Question

In a Young’s double slit experiment, the slits are placed $0.32mm$ apart. Light of wavelength $\lambda =500nm$ incident on the slits. The total number of bright fringes that are observed in the angular range - $-{{30}^{\circ }}\le \theta \le {{30}^{\circ }}$ is
A. 320
B. 641
C. 321
D. 640

Answer 1

To solve the given question, use the formula for the path difference between the two waves in the Young’s double slit experiment. Apply the condition on the path difference for which a maxima is obtained. Then find the number of maximas for the given range.

Formula used:
$\Delta x=d\sin \theta$

Complete step by step answer:
Young’s double slit experiment is an experiment to obtain the interference pattern of two coherent sources of light.
The interference pattern is obtained in the form of fringes such a way that there are consecutive maximas and minimas, all separated by equal distances. Here maxima is a bright fringe with maximum intensity and minima is a dark fringe with minimum intensity.
The interference pattern is obtained on a screen. The intensity of the resultant wave at any point on the screen depends on the path difference between the two waves. In Young’s double slit experiment the path difference is equal to $\Delta x=d\sin \theta$ …..(i)
, where $\Delta x$ is the path difference between the two waves, d is the distance between the slits and $\theta$ is the angle that the line joining the midpoint of d and the point on the screen makes with the horizontal axis.
The ${{n}^{th}}$ maxima (i.e. of maximum intensity) is obtained when $\Delta x=n\lambda$, where $\lambda$ is the wavelength of the light.
Substitute this value in (i).
$\Rightarrow n\lambda =d\sin \theta$ …. (ii).
It is given that $d=0.32mm=32\times {{10}^{-5}}m$ and $\lambda =500nm=500\times {{10}^{-9}}m$.
Since we are suppose find the number of bright fringes from angular range $-{{30}^{\circ }}\le \theta \le {{30}^{\circ }}$, substitute $\theta ={{30}^{\circ }}$ in (ii). Also substitute the values of d and $\lambda$.
$\Rightarrow n\left( 500\times {{10}^{-9}} \right)=\left( 32\times {{10}^{-5}} \right)\sin {{30}^{\circ }}$
$\Rightarrow n={{\dfrac{\left( 32\times {{10}^{-5}} \right)\sin 30}{\left( 500\times {{10}^{-9}} \right)}}^{\circ }}=\dfrac{\left( 32\times {{10}^{-5}} \right)(0.5)}{\left( 500\times {{10}^{-9}} \right)}=320$.
This means that at $\theta ={{30}^{\circ }}$, ${{320}^{th}}$ maxima is formed.
Therefore, for the range of ${{0}^{\circ }}<\theta \le {{30}^{\circ }}$, there are 320 maximas present.
Similarly, for the range of $-{{30}^{\circ }}\le \theta <{{0}^{\circ }}$, there are 320 maximas present.
And there is a maxima at $\theta ={{0}^{\circ }}$ called central maxima.
Therefore, the total number of maximas (bright fringe\s) for the given range is $320+320+1=641$.
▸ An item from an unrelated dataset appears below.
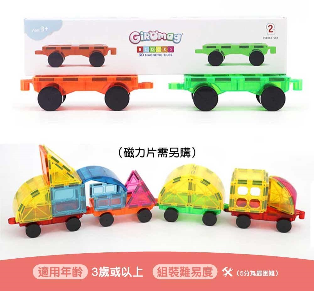 Giromag - 彩窗磁力片 擴充玩法專用小車 孖裝STEM玩具車
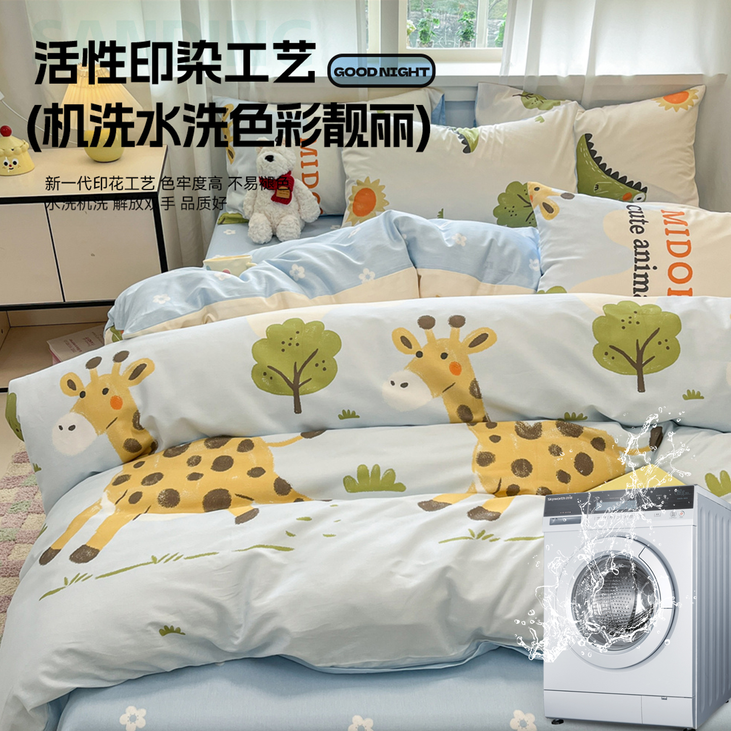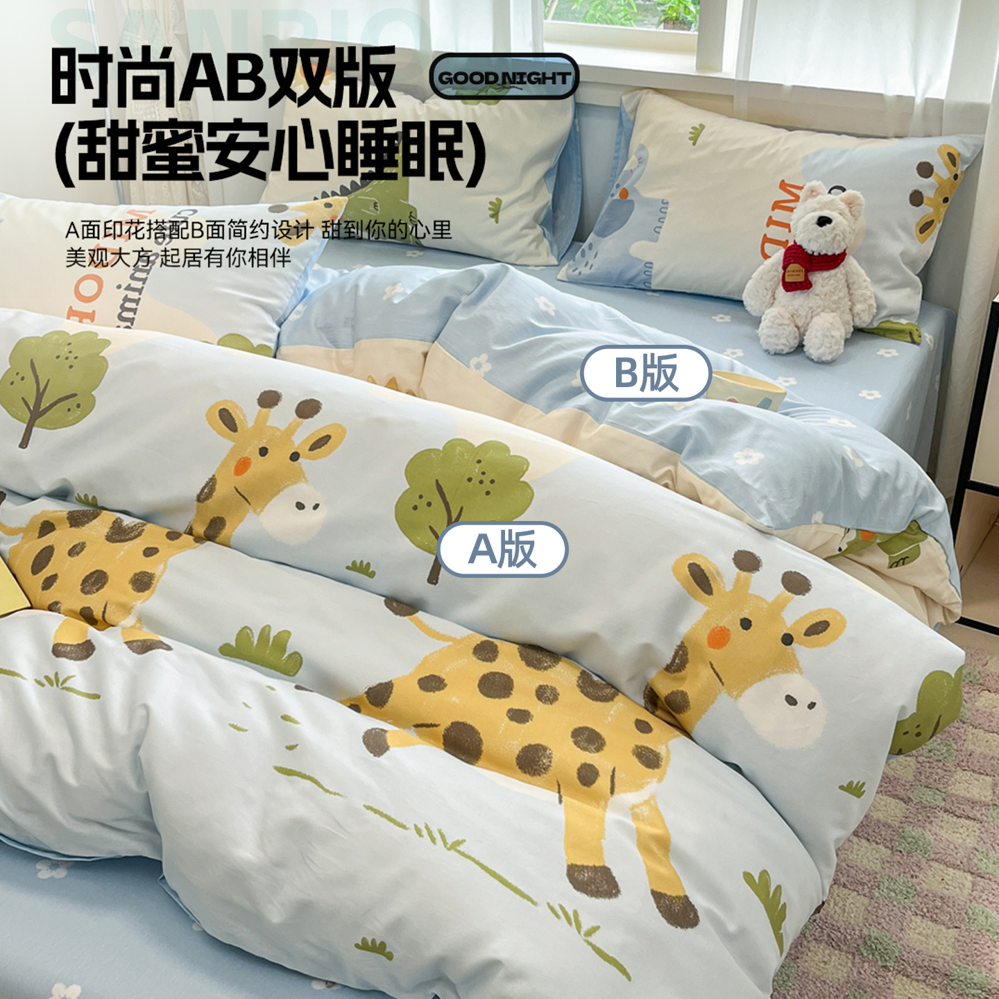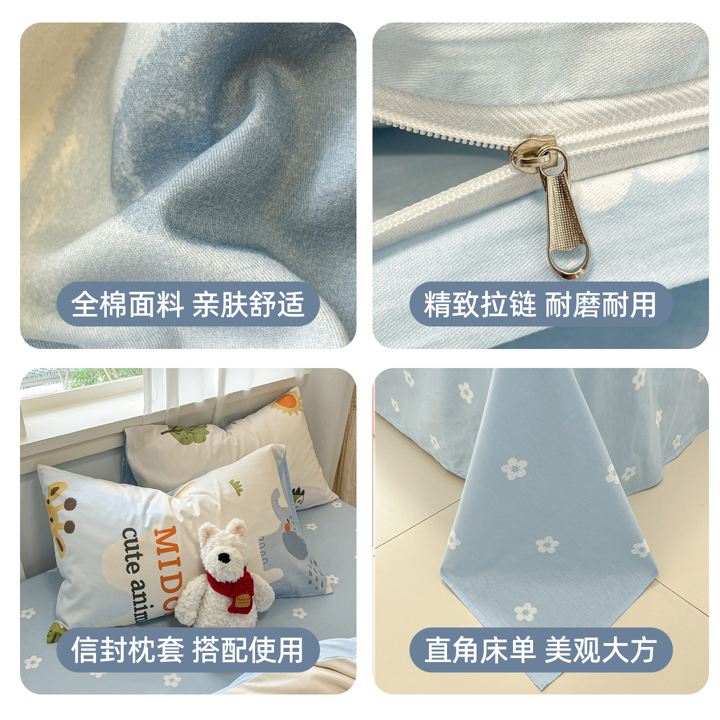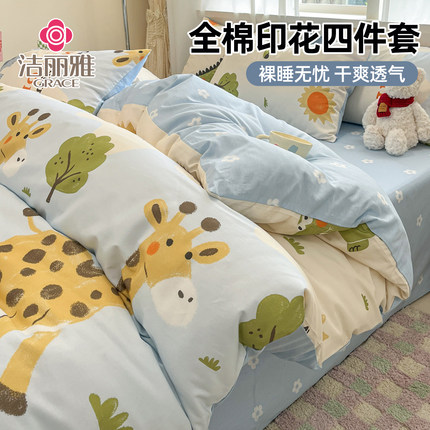 卡通儿童纯棉床上四件套100全棉学生宿舍床品被套床单三件套床笠

So, the correct answer is “Option B”.

Note:
For ${{n}^{th}}$ minima (dark fringe), the path difference between the two waves must be equal to $\Delta x=\left( 2n-1 \right)\dfrac{\lambda }{2}$, i.e. odd multiple of half of the wavelength of the light.
The distance between any two consecutive maximas or any two consecutive minimas is called fringe width.
Also note that the distance between the two slits is very much smaller compared to the distance between the slits and the screen.